CANBERRA, Australia -- Police found a body on Wednesday they suspect is the only casualty among three people who became stranded in the arid central Australian Outback almost two weeks ago.
Police have yet to formally confirm that the remains found south of the town of Alice Springs are of Claire Hockridge, 46. Police have not revealed details of the circumstances of the death, which will be investigated by a coroner, Northern Territory Police Superintendent Pauline Vicary said.

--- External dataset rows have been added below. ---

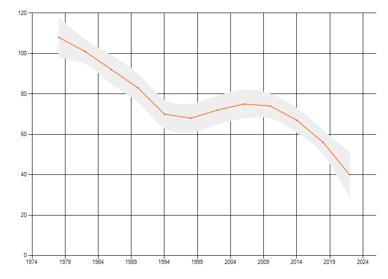 Gemiddelde trend van het aantal kilometerhokken waarin de soort voorkomt, weergegeven als indexcijfer (1975-1978 = 100). De trend is gecorrigeerd voor waarnemersinspanning en geeft de relatieve verandering in het aantal bezette kilometerhokken weer. Voor de berekening worden de data per periode van vier jaar samengenomen. In de grafiek correspondeert ieder punt met het laatste jaar van zo'n periode.
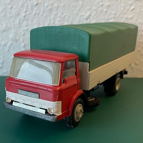 Vitrine bil som ikke har været leget med. Bilen har ingen skrammer eller afslag. Bilens forrude er dog bleget af sollys og så mangler rattet desværre. Ellers er bilen intakt og hel. Ladets sider og bagsmæk kan vippes ned og rækværk kan afmonteres. Lad og påmonterede dele i plast ellers er bilen i metal. Forhjul har drejefunktion og førerhus kan tippes for adgang til motorområde. Bilen er fra Tekno Holland og er produceret i midt til slut 70erne. Bilen er ca. 17,5 cm. lang og ca, 5,5 cm. høj. Super flot bil for samleren. Desværre forefindes den originale æske ikke. Kan afhentes, men sender gerne sporbar til pakkeshop for 30,- Bruger ikke fix færdig.
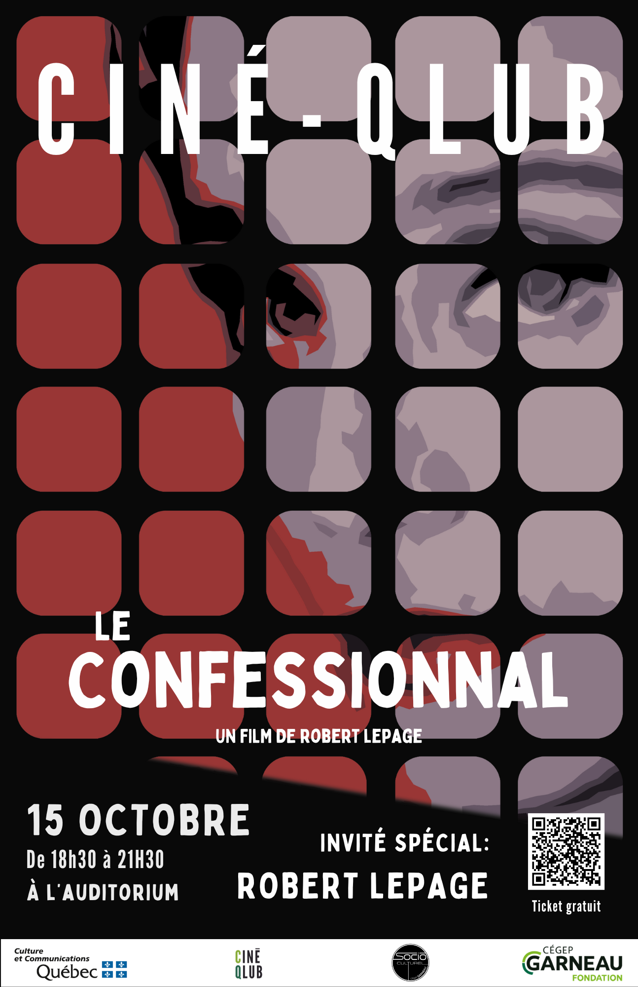 Le Ciné-Qlub du Cégep Garneau est très fier de recevoir le grand artiste aux mille talents, Robert Lepage, pour un entretien à la suite de la projection de son tout premier film, Le Confessionnal, sorti il y a exactement 30 ans.
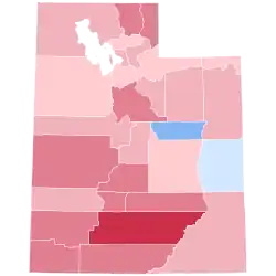 2. ^ Because Perot finished ahead of Clinton in Utah as a whole, all margins given are Bush minus Perot unless stated in the total for the county in question.

The body was found 8 1/2 kilometers (5.3 miles) from the highway that Hockridge had been attempting to reach, Vicary said.
Hockeridge, her partner Tamra McBeath-Riley, 52, and their companion Phu Tran, 40, were in a SUV that became bogged in a dry riverbed during an afternoon sightseeing drive on Nov. 19.

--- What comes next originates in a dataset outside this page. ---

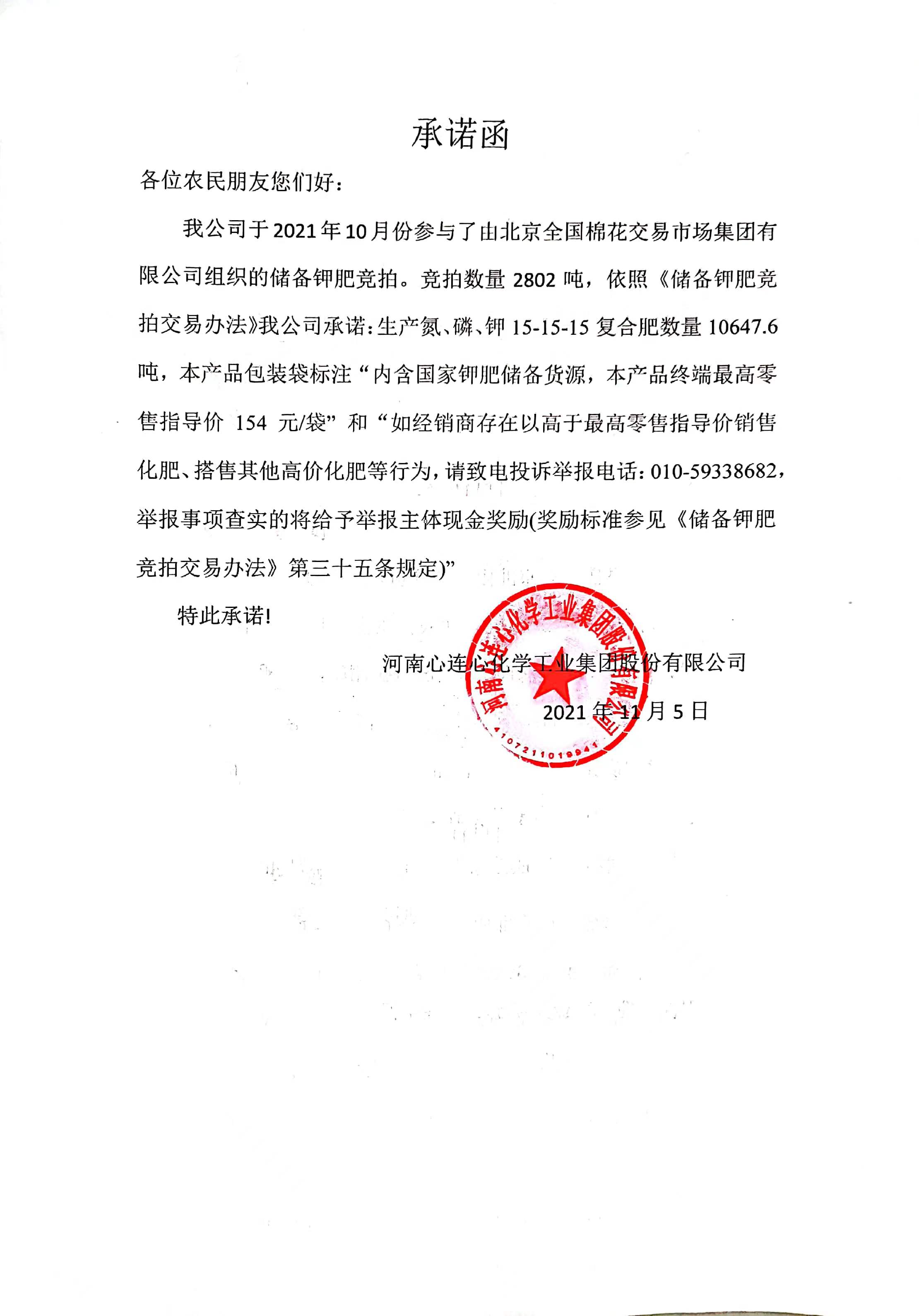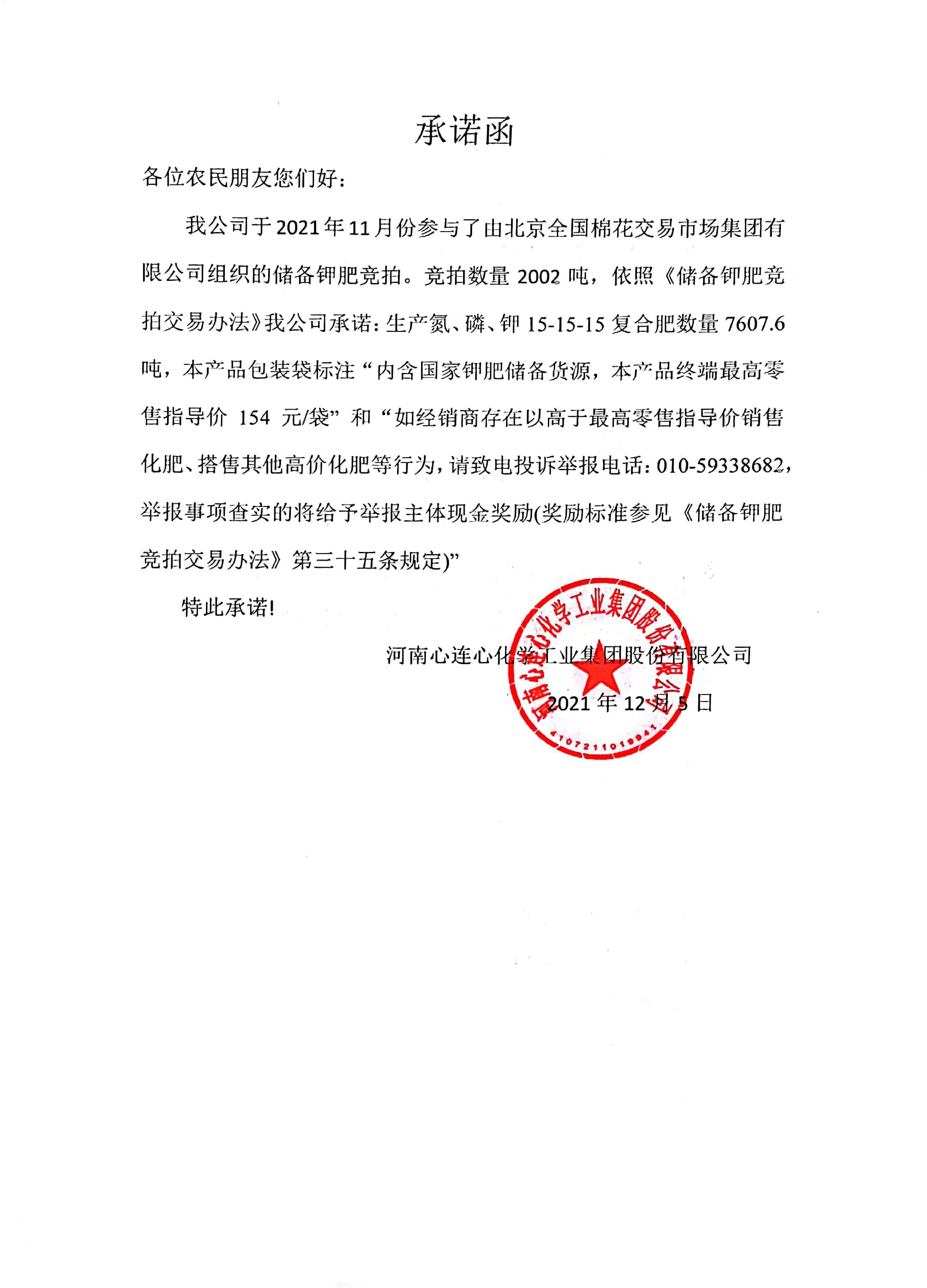 幸运飞行艇官方开奖查询国储钾肥竞拍承诺函--幸运飞行艇官方开奖查询(原河南心连心化肥有限公司)

McBeath-Riley, who had been driving and became lost, decided on Thursday to stay at a salty waterhole with the couple’s Staffordshire terrier while her companions attempted to trek toward a highway, carrying water and planning to walk at night to avoid the desert heat, which came close to 40 degrees Celsius (104 Fahrenheit) in recent days.
By that stage they had spent nine nights in the open with biscuits, instant noodles, bottled water and cans of pre-mixed vodka to sustain them.
McBeath-Riley and the dog were rescued by a search helicopter on Sunday after a cattle rancher alerted police to suspicious tire tracks, which lead searchers to the abandoned pickup truck.
Tran was found by cattle rancher Ted Fogarty on Tuesday. Tran and McBeath-Riley were both treated at an Alice Springs hospital for dehydration and exposure.
Fogarty said he found Tran at a water tank on his property where Tran had been drinking and cooling since Monday. Tran had last seen Hockeridge two days earlier following a fence line, Fogarty said.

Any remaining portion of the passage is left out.